Interactive Episodic Memory with User Feedback
Abstract
Human memory is often unreliable. We forget where we placed objects, overlook small details, and struggle to recall past events accurately. Episodic Memory with Natural Language Query (EM-NLQ) seeks to overcome these limitations by allowing users to search their past visual experiences, captured through egocentric videos, using natural language questions. While recent models focus on addressing challenges in EM-NLQ like noisy input videos and efficiency, they overlook a key aspect of this task: interactivity.
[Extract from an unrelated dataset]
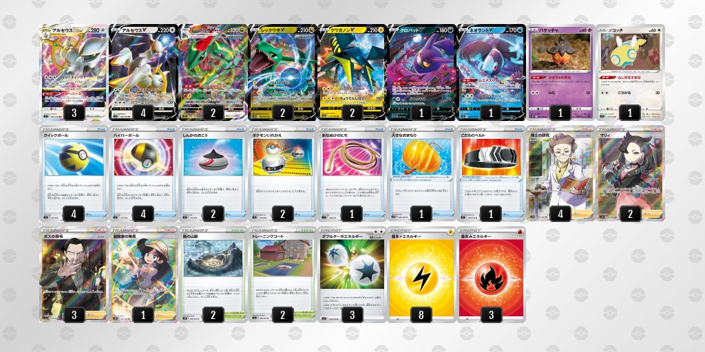 各タイプごとのデッキ検索 【ポケカ】大会優勝デッキまとめ(2022年02月22日)【シティリーグ(大阪)・ジムバトル】 X Facebook LINE Pinterest コピー 2022.02.24 記事内に広告が含まれています。 ポケモンカードゲーム MEGA 拡張パック インフェルノX BOX created by Rinker Pokémon Amazon 楽天市場 Yahooショッピング 目次 ◆鋼型アルセウスVSTARデッキ鋼型アルセウスVSTAR/ザマゼンタV/マッギョV/Aライコウ/ビッパ/モココデッキ◆ジュラルドンVMAXデッキジュラルドンVMAX/アルセウスVSTAR/結晶の洞窟デッキ◆レックウザVMAXデッキレックウザVMAX/アルセウスVSTAR/モココ/パルスワンV/嵐の山脈デッキレックウザVMAX/アルセウスVSTAR/クワガノンVデッキ【ダークリージョン環境】◆アルセウスVSTARデッキアルセウスVSTAR/ガラルファイヤーV/ガラルサンダーV/バレットデッキアルセウスVSTAR/ガラルファイヤーV/ガラルサンダーV/バレットデッキアルセウスVSTAR/ガラルファイヤーV/ガラルサンダーV/バレット/ファッションモールデッキ◆アイアントLOデッキアイアントLO/チラチーノ/タルップル/ガラル鉱山デッキ◆エクストラこくばバドレックスVMAXデッキこくばバドレックス/エルフーンVSTARデッキ【草】【水】【超】ダダリン・ゴリランダー・白馬・インテレオン・カイオーガ・ミュウ 優勝デッキ【闘】【悪】連撃ウーラオス・ゲンガー・カラマネロVMAX 優勝デッキ ◆鋼型アルセウスVSTARデッキ 鋼型アルセウスVSTAR/ザマゼンタV/マッギョV/Aライコウ/ビッパ/モココデッキ 本日のポケカ新弾バトル優勝はれんぼ様の【アナアナバレット】です!コメント:穴があったら入りたい優勝おめでとうございます!2枚めの写真はたくろー様のデッキです!並べられてたので勝手に載せさせていただきました! pic.twitter.com/yWpWSrkr0n— CARDSHOP蒼猫亭@神戸元町 (@aonekotei_kobe) February 22, 2022 【ポケカ】鋼型アルセウスVSTAR優勝デッキレシピまとめ鋼タイプをメインとしたアルセウスVSTARの最新優勝デッキをまとめています。 ◆ジュラルドンVMAXデッキ ジュラルドンVMAX/アルセウスVSTAR/結晶の洞窟デッキ ポケモンカード新弾バトル優勝くわさんでした♪おめでとうございます🎉#ポケモンカード pic.twitter.com/kEF1O6edzV— レアル・トマト別府店 (@tomato5963beppu) February 22, 2022 【ポケカ】ジュラルドンVMAX優勝デッキまとめ【DuraludonVMAX】アルセウスVSTAR実装で超強化されたジュラルドンVMAXの優勝優勝デッキを日々まとめています。 ◆レックウザVMAXデッキ レックウザVMAX/アルセウスVSTAR/モココ/パルスワンV/嵐の山脈デッキ 本日開催‼️ #ポケカ #ジムバトル は6名の方にご参加頂きました‼️優勝『メイドラオタク』さんデッキ名『レックアルセウス』コメント『ポケカ辞めたいのに辞めさせて貰えません』ご参加ありがとうございました✨ pic.twitter.com/EmndojvTwg— TSUTAYA嵐山店 トレカ&ゲーム情報 (@TSUTAYA1462) February 22, 2022 レックウザVMAX/アルセウスVSTAR/クワガノンVデッキ【ダークリージョン環境】 ジムバトル風 凱杯#17全勝はZitsuhaRikeiさん、トウムさん、凱です。おめでとうございます!ご参加いただきありがとうございました!!#凱杯 pic.twitter.com/3ztRq6Lpet— 凱杯(Yoshi Cup)@毎週火曜日開催 (@YoshiCup_TCG) February 22, 2022 【ポケカ】レックウザVMAX優勝デッキまとめ【そうくうのはどう】レックウザVMAXの最新優勝デッキレシピまとめてます。【随時更新】 ◆アルセウスVSTARデッキ アルセウスVSTAR/ガラルファイヤーV/ガラルサンダーV/バレットデッキ 2022年2月22日ポケモンカード新弾バトル結果参加:15名優勝:Justice「ニンフィア強かったです。ウーラオスを倒せました。」Justiceさん、おめでとうございます! pic.twitter.com/7ylj0GFiuf— カードショップ彩々 (@saikoro1to3) February 22, 2022 アルセウスVSTAR/ガラルファイヤーV/ガラルサンダーV/バレットデッキ 【#ポケカ 大会情報】本日のポケモンカードジムバトルは9名様のご参加でした。優勝者:つなさんど様デッキ名:アルセウスバレットコメント:ポケカはご飯!優勝おめでとうございます! pic.twitter.com/hYbrntc8q1— ホビーステーション千葉店@Shadowverse EVOLVE発売中!! (@HBSTchiba) February 22, 2022 アルセウスVSTAR/ガラルファイヤーV/ガラルサンダーV/バレット/ファッションモールデッキ 【大会結果報告】本日の #ポケモンカード 公認大会にご参加いただき、ありがとうございます参加者:7名優勝はクサエネさんです。おめでとうございます。デッキ:アルセウスバレットコメント:雪道はつらい次回は2月25日(金)16:00からを予定しております。 pic.twitter.com/n7XxVAFqi7— 0130TSUTAYA札幌菊水店 (@tsutaya_kikusui) February 22, 2022 【ポケカ】アルセウスVSTAR優勝デッキレシピまとめアルセウスVSTARを使用した最新優勝デッキレシピをまとめてます。 ◆アイアントLOデッキ アイアントLO/チラチーノ/タルップル/ガラル鉱山デッキ #ポケカ今日のジムバトルは62名で開催です❗❗沢山のご参加、ありがとうございます😂全勝者はコチラ💥サカキ 様/Jimmy 様/タイシン様/ちととかち様/ぐっしー様/たくちゃん様/朝バナナ 様/くうた 様/おめでとうございます😆🎉明

In real scenarios, users have the ability to refine their queries and provide feedback when a model's response is off-target, yet current EM-NLQ methods cannot incorporate or benefit from such feedback. To address this gap, we introduce the first \textit{interactive} EM-NLQ framework, featuring a plug-and-play Feedback ALignment Module (FALM) that empowers existing models to efficiently incorporate user feedback and refine their predictions. Additionally, we introduce the Episodic Memory with Questions and Feedback task (EM-QnF) and new datasets tailored for feedback-based interaction and a lightweight training scheme that eliminates the need for expensive sequential optimization. Our approach, dubbed ReFocus, combines FALM with state-of-the-art EM-NLQ methods to achieve state-of-the-art results on three challenging benchmarks and demonstrates significant improvements in human-based feedback evaluation, bringing EM-NLQ closer to truly interactive and adaptive visual memory systems.